鶴嶺高等女学校は1896(明治29)年に島津サエ子が創設。
1909年に平之町からこの地に移転後は島津治子校長のもと、教育綱領を「薩藩古来ノ美風ヲ尊重シ内剛外柔ノ婦徳ヲ養イ、以テ現代ニ処セシム」と定め、教育にあたった。内剛外柔とは、いかにも当時の世相を反映しているようで興味深い。
明治も半ばを過ぎると、ようやく鹿児島県内でも女子教育の機会が高等小学校卒業後に実業補習学校(鹿児島・高山など)の創設で拓かれるようになり、鶴嶺女学校はその先駆け的な私学と位置づけられる。
1920(大正9)年に4年制の高等女学校となり、鹿児島の女子教育の草創期から大きな役割を果たしてきた。

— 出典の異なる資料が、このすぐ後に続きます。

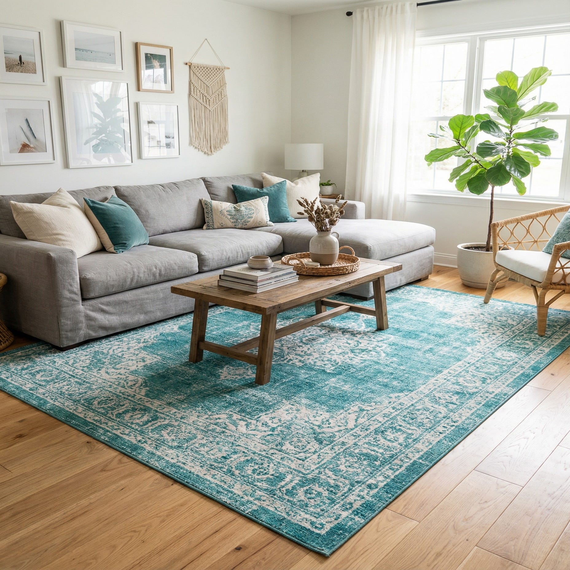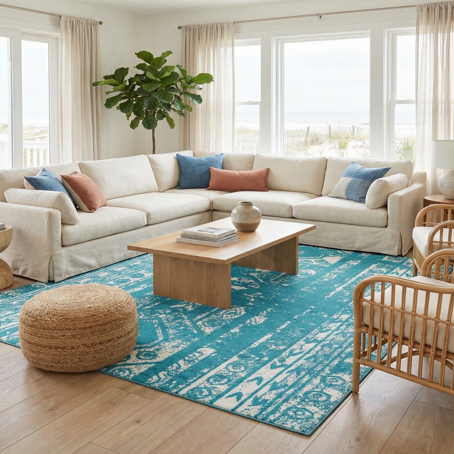 This colorway and pattern work especially well in coastal or beach-style rooms when paired with white linens and natural wood, or in a modern bohemian living space alongside rattan furniture and plenty of greenery. It also fits nicely beneath a coffee table to anchor a neutral seating area, or in a bedroom to introduce a bold wash of color without overpowering other accents. The polypropylene construction keeps the rug practical for everyday spaces that need lively pattern and easy-care performance.

1923年には、久邇宮邦彦王と同俔子(島津忠義の子)妃、良子女王(のちの香淳皇后)が同校を訪問したり、1936(昭和11)年の昭和天皇来鹿による大演習の際は公使が派遣されたりするなど、創設時から島津家との深いゆかりがあった。
1940年に鹿児島市へ移管。約50年の間に6,339名の卒業生を送り出した後、その伝統は新制の市立鹿児島玉龍高校に引き継がれている。
この記念碑は、東郷平八郎の揮毫による「良子女王殿下御台臨記念碑」のとなりに1974年に建立された。